2022年5月15日、沖縄は返還50年の日を迎えた。

私たち日本社会連帯機構は、2015年に沖縄連帯基金を創設し、新基地建設に反対のために、辺野古基金への協賛や辺野古ゲート前行動への参加など多岐にわたり沖縄県民に連帯し、ともに運動を進めてきました。そして返還50年を目前にした5月8日には、返還協定の捉え返しと未来を見つめるために、「沖縄返還50年フォーラム-基地の集積地を押しつけ続けられる沖縄は日本なのか 日本は本当の独立国なのか-」をテーマにした集会を行いました。

沖縄は戦中・戦後に亘り、敗戦した日本の中でも最も過酷な状況に置かれてきました。

日本で唯一の地上戦が行われ、県民の4人に一人が命を落とし、敗戦後も米軍による強制的な土地の接収により、多くの県民が農業による生産活動の道も断たれました。
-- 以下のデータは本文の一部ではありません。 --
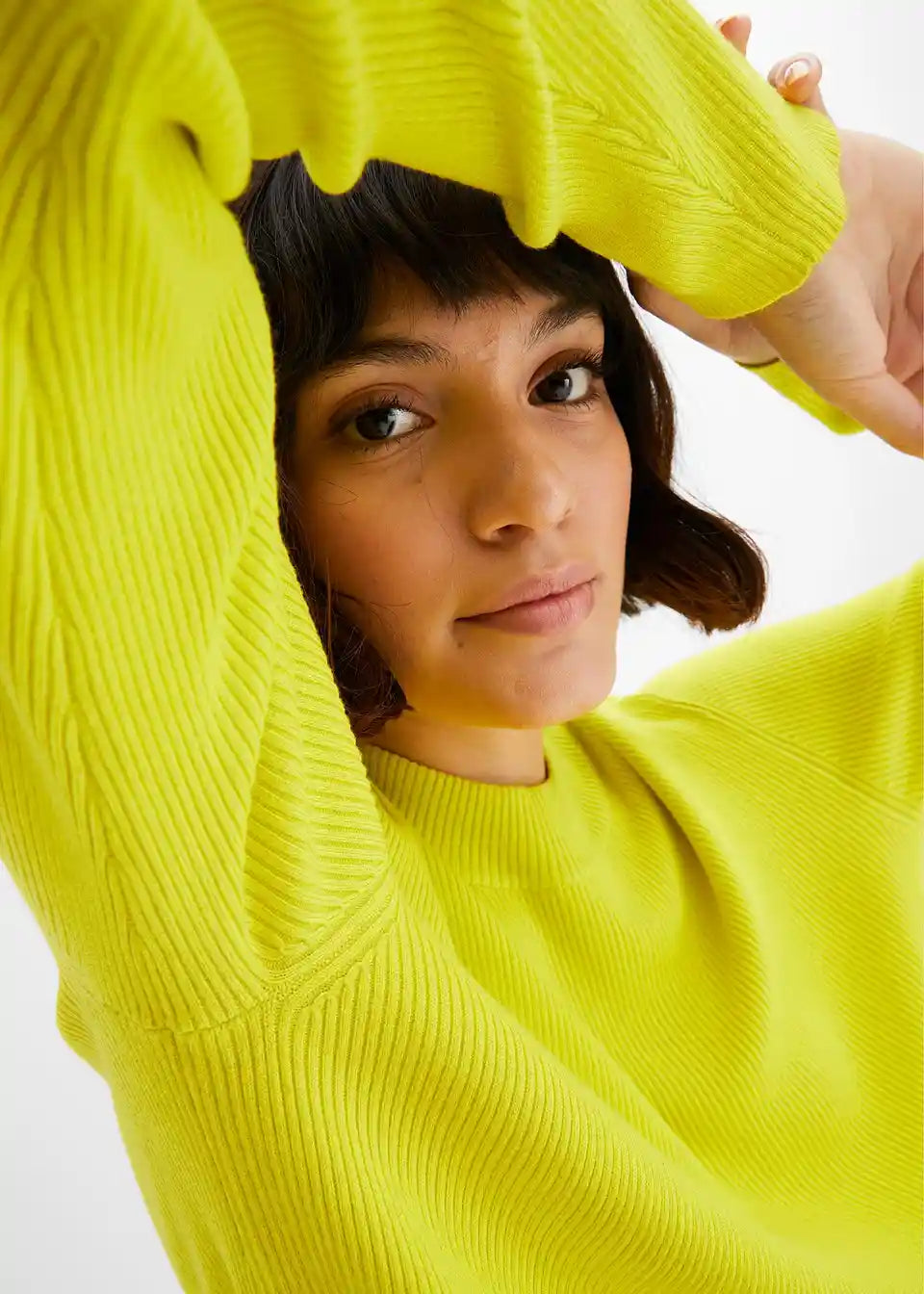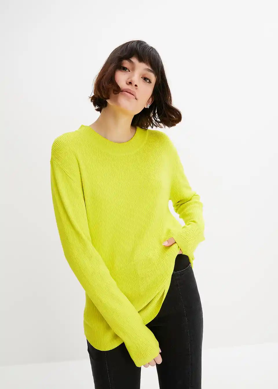 Hochgeschlossener Rippstrickpullover aus softer Viskose

命をも危ぶまれた時代から生まれた言葉はまさしく「命どぅ宝」でした。
戦後27年のアメリカ支配の時代から日本国憲法の下、等しく人間として認められ民主主義社会の構築を目指して沖縄県民の意思として行われた「祖国復帰運動」が実現させた「沖縄返還」でしたが、その実態は当初から思い描いたものではありませんでした。
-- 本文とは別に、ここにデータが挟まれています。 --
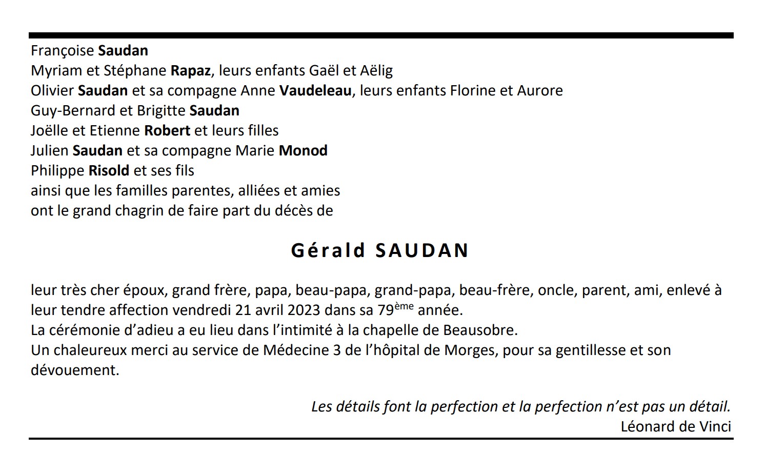 Gérald SAUDAN 29 mai. 1944 - 21 avr. 2023 Avis mortuaire PFG Télecharger PDF Partager sur: Galerie PreviousNext PreviousNext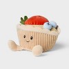 A: The plush toy is designed in the shape of a tart with a strawberry accent.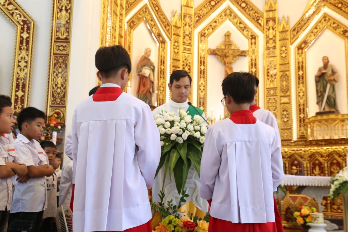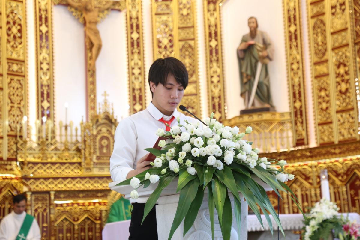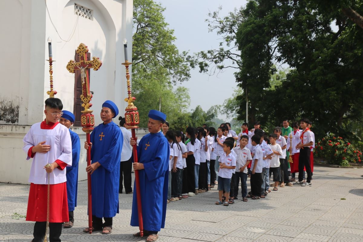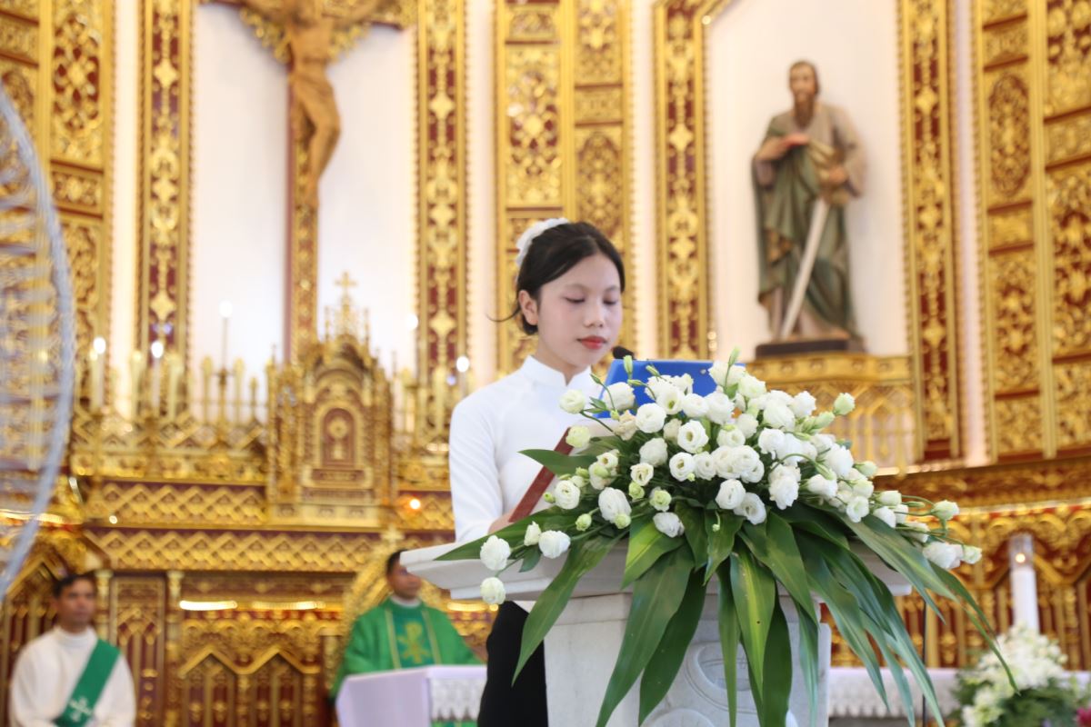 Ngay sau đó, lúc 9g45, Thánh lễ Chúa Nhật XXVIII Thường niên – Năm C được cử hành cách long trọng do Cha xứ Giuse chủ tế. Tham dự Thánh lễ có thầy phó tế Giuse Nguyễn Văn Thưởng, quý dì Mến Thánh Giá Hưng Hóa tại Hiền Quan cùng đông đảo bà con giáo dân trong giáo xứ.

1971年11月17日沖縄県民の願いをまとめた「建議書」は屋良朝苗主席の到着を待たず、国会では「沖縄返還協定」が強行採決されました。

ここでもまた沖縄県民の心と意志は踏みにじられました。

後に屋良主席は、返還についてこのように語っています「軍事占領支配からの脱却、憲法で保障される日本国民としての諸権利の回復、そして沖縄県民としての自主主体性の確立、これらが私たち県民にとって、全面復帰のもっている内容です。もっと簡単明瞭にいいますと、”人間性の回復”を願望しているのです。きわめて当然な願望であり要求です」
この当然の要求を認めない政治が、日本とアメリカ政府によって現在も強行されていると私たちはみています。
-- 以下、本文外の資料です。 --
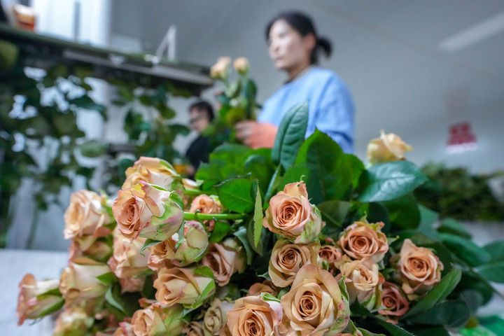 2024年8月23日,在云南晉寧花卉產業(yè)現(xiàn)代化示范園采后處理中心,花農將鮮切花放入自動分揀流水線上進行分揀。新華社記者 陳欣波 攝

今も日本国中で最も米軍基地が集積している沖縄県は犯罪被害、騒音被害、環境汚染に晒されているのです。

また、更に新しい基地建設を強行している辺野古に関しても2019年に実施された「辺野古」県民投票の結果、県民の72.2%が反対の意思を表明したにも関わらず、何事もなかったように土砂の投入は続けられ新基地建設は強引に進められています。
 沖縄県民の意志と思いを、政府はいったいどのように考えているのでしょうか。

こんなことで日本は民主主義国家といえるのでしょうか。

これらの状況を踏まえた集会における議論や7年間の沖縄連帯活動から得たことを私たちはここに声明文として記します。

①   1971年返還前に屋良朝苗主席により提出された「建議書」、2013年に故翁長雄志さん他の代表団が提出した「建白書」、2019年2月に実施された沖縄「辺野古」県民投票の結果などの沖縄県民の切なる要望を一顧だにしない日本政府の対応を根本的に改めるべきです。
②   戦後77年間沖縄県民に様々な負担を押しつけている米軍基地の撤去、それに加えて辺野古の新基地建設の即時断念を求めます。
③   現在、急速に進んでいる南西諸島の軍事基地化を止めてください。全ての軍国主義的施設をやめ、話し合いを中心にした平和外交に徹すべきです。
④   沖縄県における事件事故の発生に、正当な解決が得られない、また基地由来の環境汚染(PFAS等)についても改善が得られない、その根幹にある「日米地位協定」について改定を求めます。
⑤   沖縄の自立を妨げる経済問題について外資に搾取されない経済、地域循環型経済の推進を求めます。